Results were even more troubling for participants who had not passed all the examinations required for the official state certificate. Participants in this group obtained an average “grade” of 44/100 – suggesting they didn’t understand over half of the items in the questionnaire. This latter group represents about 45% of the total cohort of 17-year-olds in Israel in recent years. These findings raise concern about the relevance of school mathematics to the real-life needs of most learners and call attention to the importance of providing all learners with mathematics literacy.
The findings emerged from a new study on mathematical media literacy among a representative sample of 439 Israeli adults. The study was conducted by a team of researchers at the Faculty of Education in Science and Technology at the Technion – Israel Institute of Technology during the first wave of COVID-19 cases in Israel (March-April 2020). The researchers were surprised to find a factor that appears to be even more strongly associated with the participants’ understanding of mathematical information in the news than the level of math they had taken at school: the participants’ self-perceptions as being “good at math” and the extent they find mathematics useful and interesting.
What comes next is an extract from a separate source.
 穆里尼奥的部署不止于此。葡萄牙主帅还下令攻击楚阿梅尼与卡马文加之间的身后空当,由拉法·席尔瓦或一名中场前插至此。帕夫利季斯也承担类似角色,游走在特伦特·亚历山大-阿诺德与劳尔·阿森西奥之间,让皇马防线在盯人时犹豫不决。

This finding suggests that being afraid of math prevents people from engaging with it when they need it – even if they had learned it at school.
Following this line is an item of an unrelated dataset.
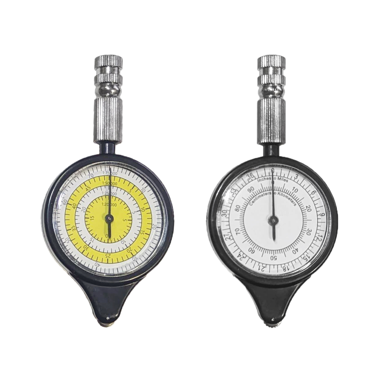 どんな縮尺の地図上でも曲線に沿ってローラーを回転させて、距離を読み取ることができます。

“These results seem to show that school mathematics, especially in its high levels, may prepare adults to understand critical information important for their well-being, such as at a time of global pandemic. However, they also indicate that negative attitudes towards math may significantly hinder adults’ engagement with such information,” said the study’s lead author, Prof. Einat Heyd-Metzuyanim. “Our findings should trigger some soul-searching in the mathematics education field,” she added. “After all, the goal of learning mathematics, for most of the public, is to be able to deal with mathematical information in their daily lives. We should therefore make sure that high-school graduates leave school with both the cognitive tools for processing mathematical information around them, and the attitudes and dispositions that would allow them to do so.”